▸ **YOUR OBJECTIVE**: The entries below contain pictures. Write out only the lines from the line with "Aglaonema ‘Green Rosy’" up to and including the line with "4月24日,经济管理学院团委", exactly, without them.

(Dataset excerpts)
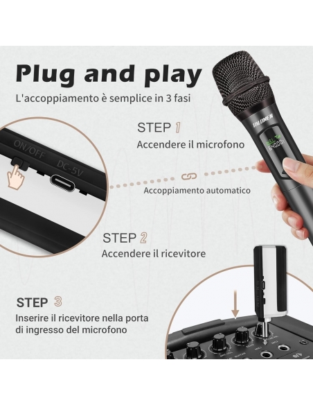 - Collegare e giocare - Il kit microfoni wireless viene fornito con 1 ricevitore microfonico; basta accendere il microfono senza fili e il ricevitore per abbinarli automaticamente, senza doverli abbinare manualmente. Quando l'apparizione è avvenuta, inserire il ricevitore in un apparecchio con una presa d'ingresso MIC e utilizzarlo direttamente.
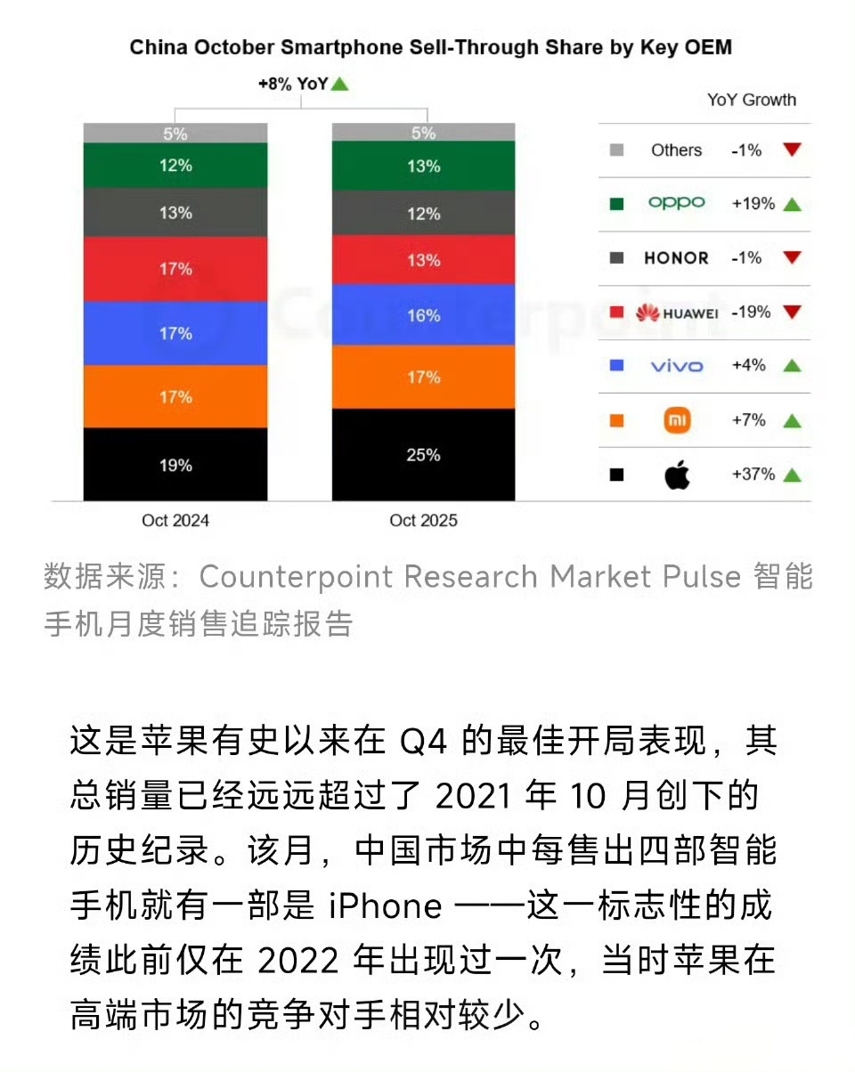 苹果10月全球手机份额飙至24.2%苹果挤牙膏的时候略微多一点力道,销量就能猛涨,可见品牌力不是一般的强……
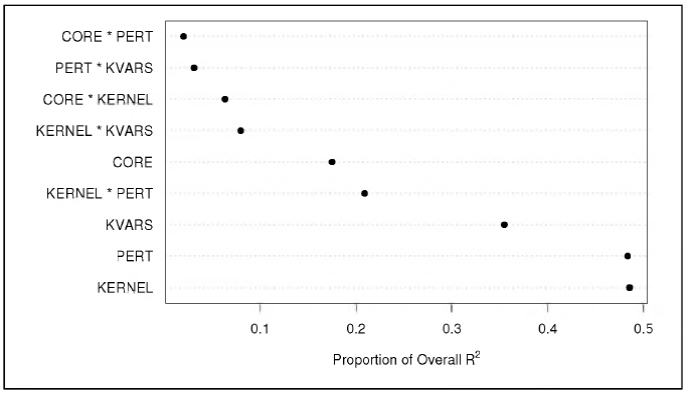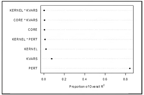 The regression model suggests with a 95% confidence that the proportion of the variability in computational time explained by these parameters is contained in the interval (22%, 35%). Figure 10 shows the proportion of R2 loss if the variable is removed. Omitting the percentage of initial allocation assignments during pre-processing or perturbation from the model results in the loss of about half of the explanatory power of computational time. Likewise, omitting the magnitude of the variance weight factor will drop the explanatory power of the model more than by 35%.
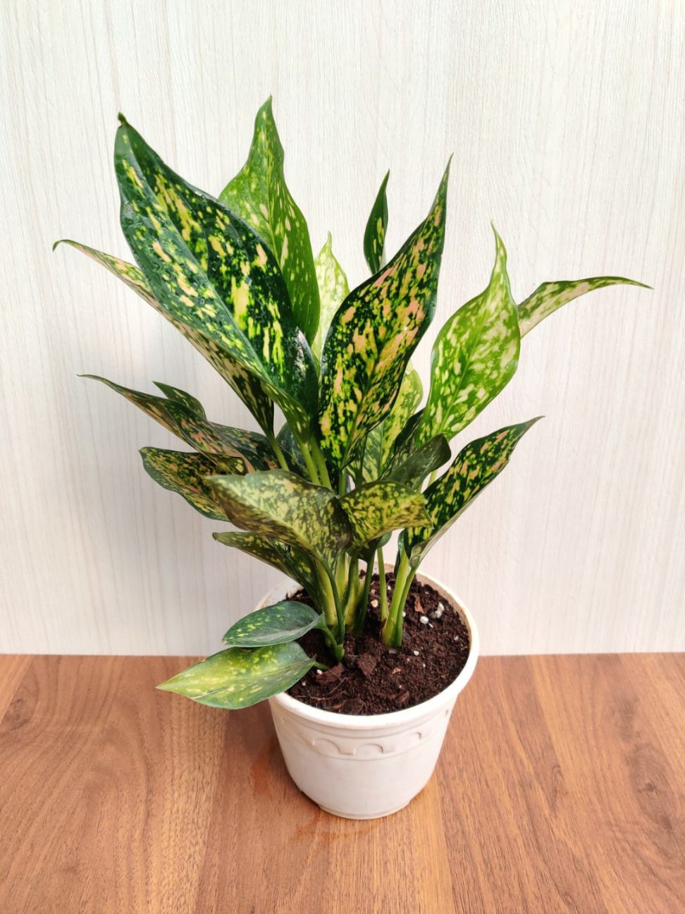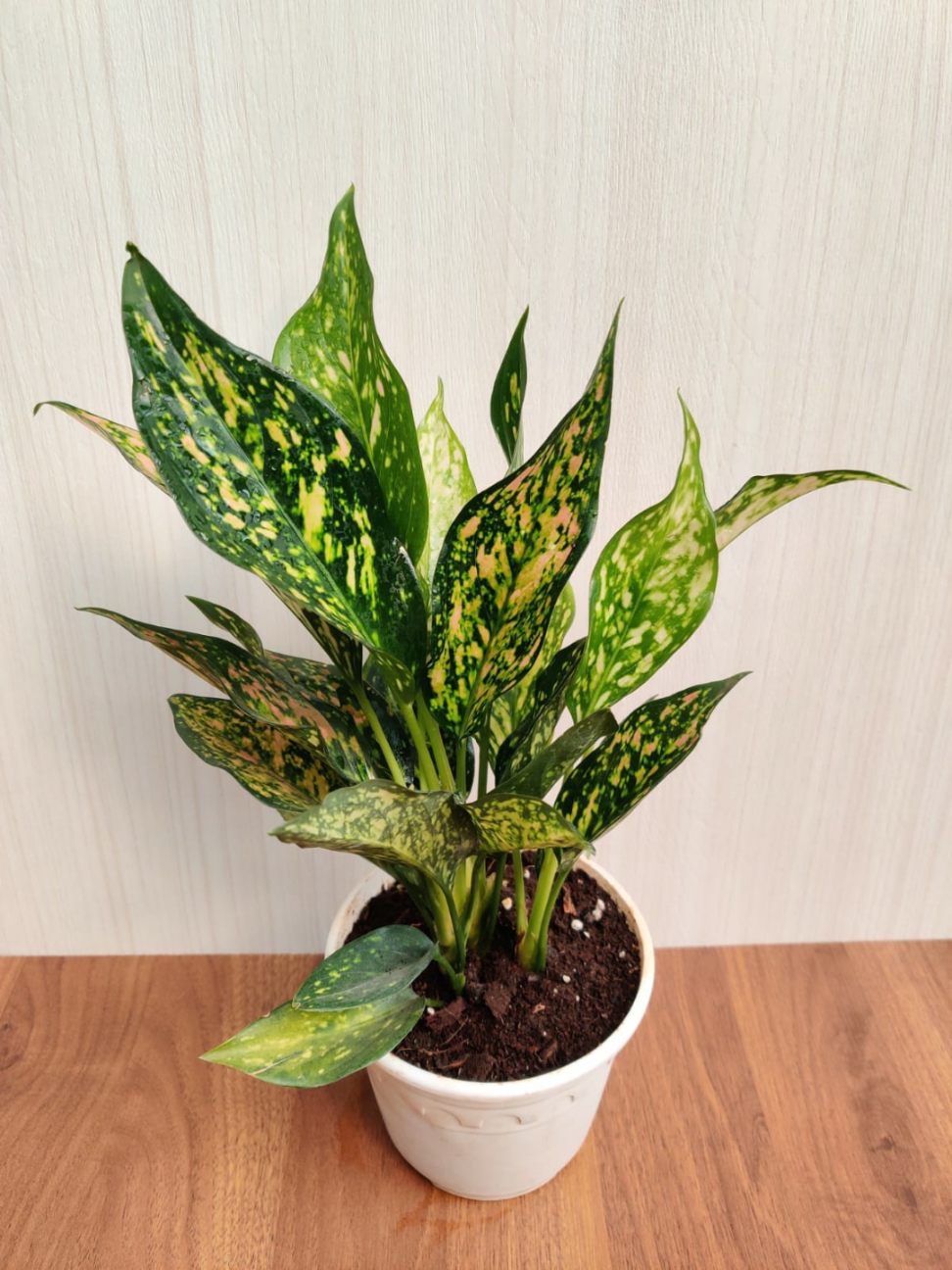 Aglaonema ‘Green Rosy’ features glossy, dark green leaves that are adorned with shades of pink or red. The pink or red coloration typically appears as veins, spots, or blotches on the leaves, creating a rosy or flushed appearance. The contrast between the green and pink/red hues gives the plant a vibrant and eye-catching look.
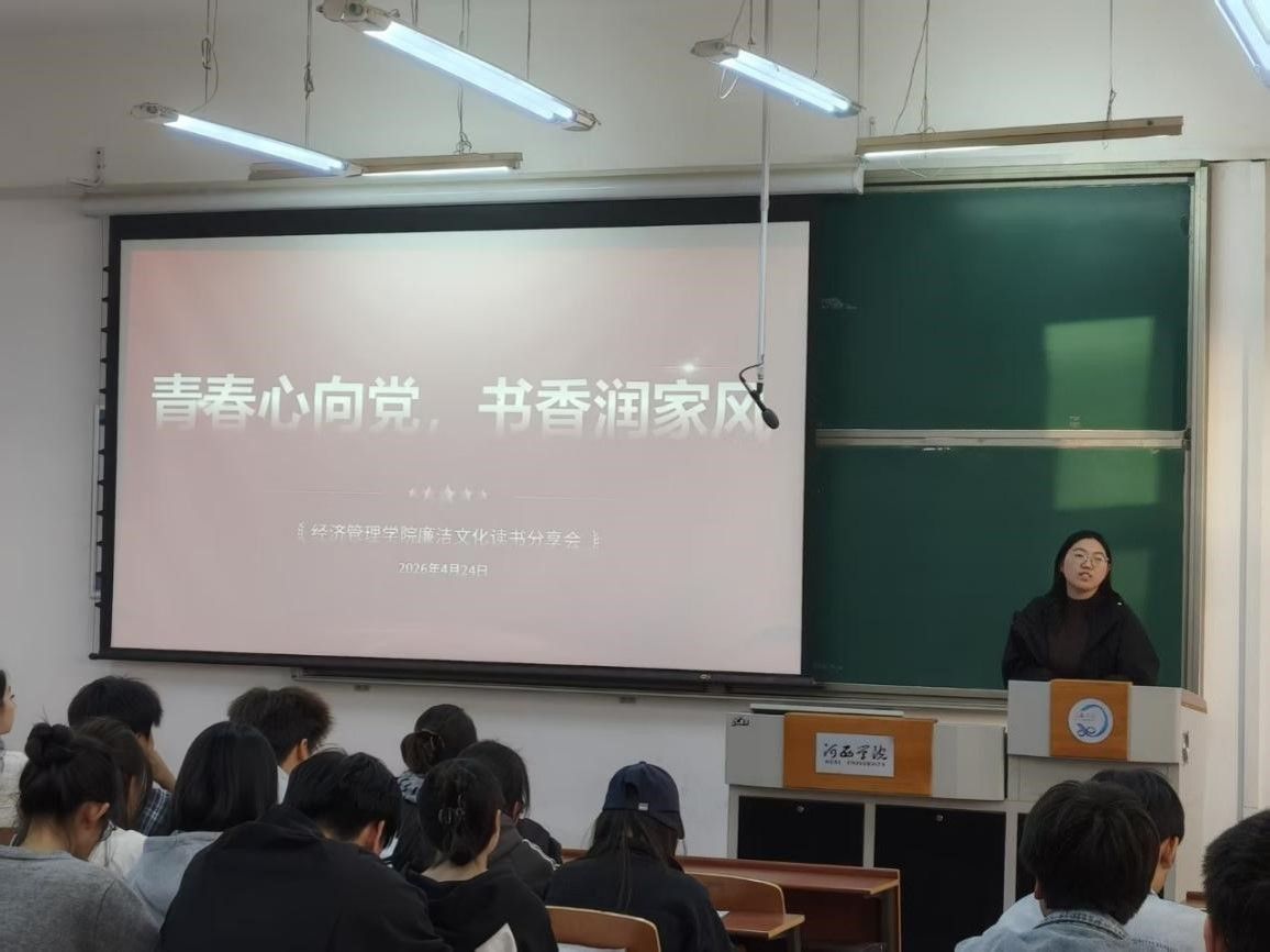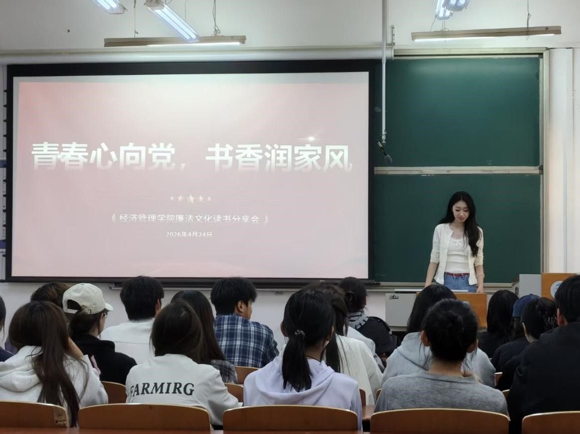 4月24日,经济管理学院团委学生会举办廉政读书分享会。本次读书分享会围绕《齐家——中国共产党人的家风》,通过学习中国共产党人家风故事,引导青年学生赓续红色血脉、涵养优良作风。活动邀请了经济管理学院团委书记到场指导,来自学生会六个部门的同学依次分享了阅读感悟。
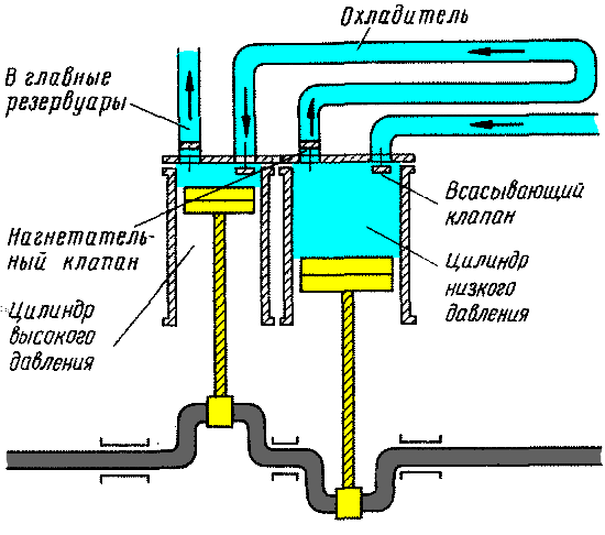 Из цилиндра низкого давления сжатый воздух проходит через охладитель и поступает в цилиндр высокого давления, поршень которого в это время движется вниз, способствуя всасыванию поступающего воздуха. Охладителем служит радиатор или воздухопровод, соединяющий цилиндры низкого и высокого давления и размещаемый обычно на крыше электровоза. Учитывая, что воздух предварительно сжимается в цилиндре низкого давления и объем его при этом уменьшается, цилиндр высокого давления делают меньшего диаметра. Воздух из цилиндра высокого давления нагнетается в главные резервуары, которые чаще всего располагают на крыше электровоза.
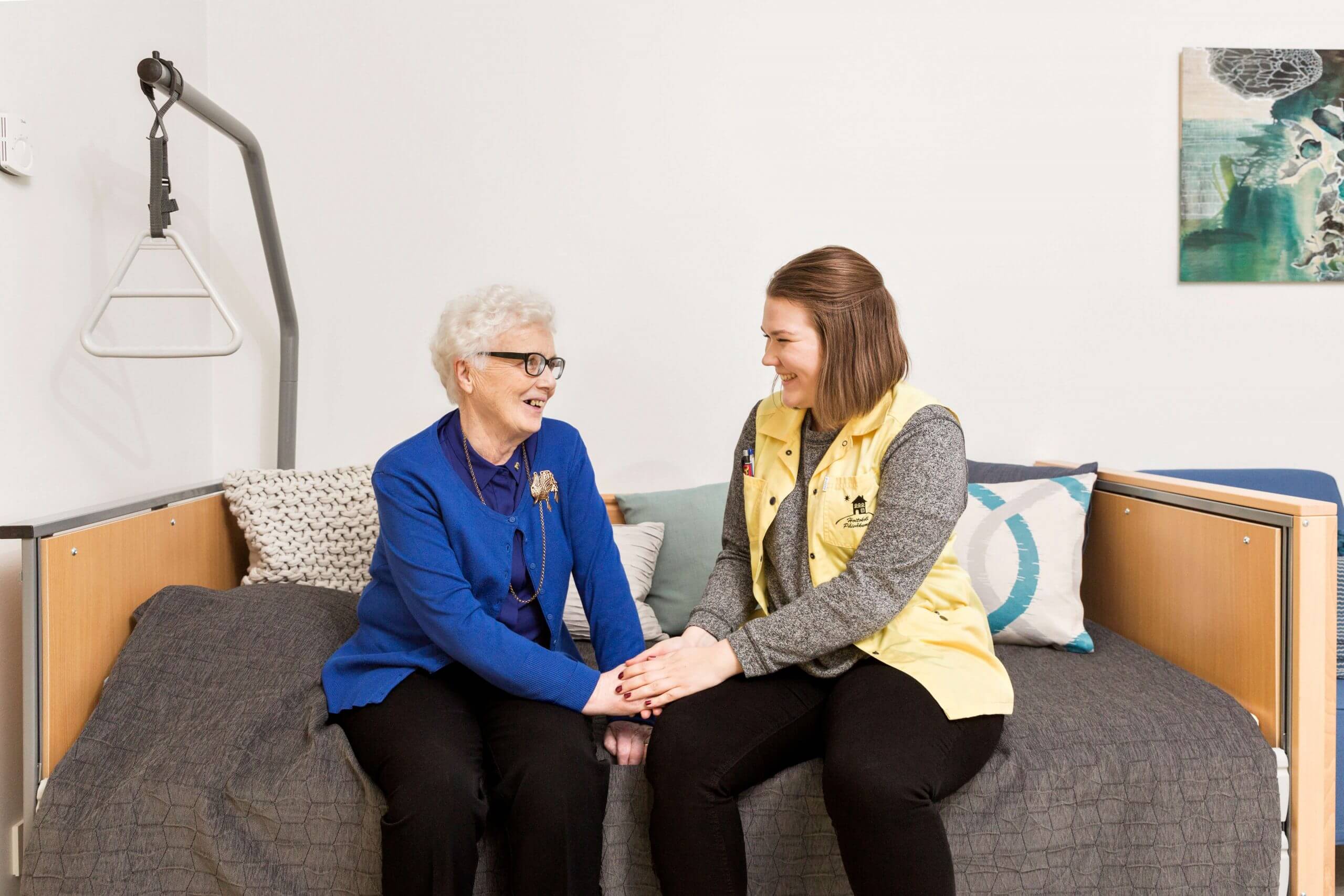 Kohtaamme jokaisen asukkaan yksilönä ja kuuntelemme aidosti. Tavoitteenamme on, että palveluasunnossa voi elää turvallista, merkityksellistä ja ilon rikastuttamaa elämää.

▸ **EXERCISE OUTPUT**:
 Aglaonema ‘Green Rosy’ features glossy, dark green leaves that are adorned with shades of pink or red. The pink or red coloration typically appears as veins, spots, or blotches on the leaves, creating a rosy or flushed appearance. The contrast between the green and pink/red hues gives the plant a vibrant and eye-catching look.
 4月24日,经济管理学院团委学生会举办廉政读书分享会。本次读书分享会围绕《齐家——中国共产党人的家风》,通过学习中国共产党人家风故事,引导青年学生赓续红色血脉、涵养优良作风。活动邀请了经济管理学院团委书记到场指导,来自学生会六个部门的同学依次分享了阅读感悟。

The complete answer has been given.